Rural-to-urban migration down to zero: official

November 1, 2020 - 20:16

TEHRAN – For the first time in the country, the migration of people from rural areas to cities has reached zero, Mohammad Omid, the vice president for rural development, has said.

A total of 220 trillion rials (nearly $5.6 billion at the official rate of 42,000 rials) has been approved for the development of villages in the current year (March 2020-March 2021), IRIB quoted Omid as saying.

Some 140 trillion rials (about $3.3 billion at an official rate of 42,000 rials) have so far been spent, he noted, adding, the unemployment rate in rural areas has reached 7.4 percent, which has decreased by over one percent compared to last year.

Rural development

Many efforts have been made over the past couple of years by the government to support villagers and slow down the trend of migration from rural areas to cities.

Rural tourism, agritourism, religious tourism, and ecotourism are alternatives or complementary economic activities that could further stimulate rural development while decreasing rural community dependency on one main economic sector (agriculture, forestry, energy, or mining).

In Iran, October 6 is celebrated each year as the National Day of Villagers and Nomads. 

Currently, 26 percent of the country's population lives in villages, Mohammad Omid, the vice president for rural development, has said. He added that around 39,000 villages have more than 20 households and 23,000 villages have less than 20 households.

Thus, more than 97 percent of the country's rural population lives in villages with over 20,000 households.

Main reasons behind migration 

Shahla Kazemipour, a demographer and sociologist, said in October 2019 that over 53 percent of Iran's population was living in rural areas some four decades ago, but urbanization has influenced rural demographic trends, decreasing the rural population to 20 million, representing 25 percent of the country’s population.

Referring to the three main reasons behind migration from villages to urban areas, she noted that the population in Iran was associated with high growth due to increased fertility, but since the rural economy is based on agriculture, rural areas lost attraction due to lack of farms.

Eventually, a population overflow happened in urban areas, that is, the population grew but the rural economy was not capable of attracting more villagers, so the villagers migrated to the cities, she said, adding, on the other hand, a high concentration of population in rural areas caused some populated ones to become cities.

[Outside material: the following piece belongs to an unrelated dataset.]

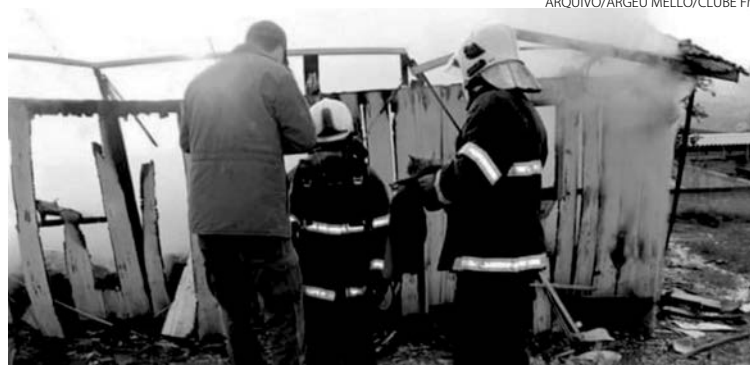
Suspeito alegou que cometeu o crime sob efeito de drogas

Além do homicídio foi constatado que posteriormente foi ateado fogo na residência com o intuito de apagar qualquer indício que pudesse levar à desco-

Pointing to another factor contributing to the increased urbanization rate, she noted that in the period when cities expanded due to population growth and migration, some surrounding villages joined the urban complex, and the urbanization rate reached up to 75 percent.

About 24 percent of Iran's population is less than 15 years old, and some 6 percent is above 65 years old, while 70 percent of the population is 15-65 years old, she announced.

According to statistics, rural areas are holding a higher population of younger people, because fertility is still slightly higher than urban areas and migration from rural to urban areas generally occurs by the working population, in fact, about 27 percent of the rural population is aging less than 5 years old, she explained.

Although statistics showed that only seven percent of the rural women are working, it can be argued that in fact out of the 6.4 million women aged 15 to 65, about 40 percent are active as many of whom are involved in farming, animal husbandry, and poultry,” she explained.

Referring to the healthcare among rural women, she said that the country’s mortality rate is 5 per 1,000, but statistics show that the mortality rate is higher among men, with a rate of 6 per 1,000 while the figure is less than 5 per 1,000 among women.

Abolfazl Razavi, the deputy vice-president for rural development and deprived areas, has said that some 60 percent of migrations from rural to urban areas are caused by the lack of appropriate jobs and sufficient income for educated people.

Measures taken to reverse migration by making people move to rural areas including providing facilities and sustainable job-generating has increased the rural population in some provinces of the country, he highlighted.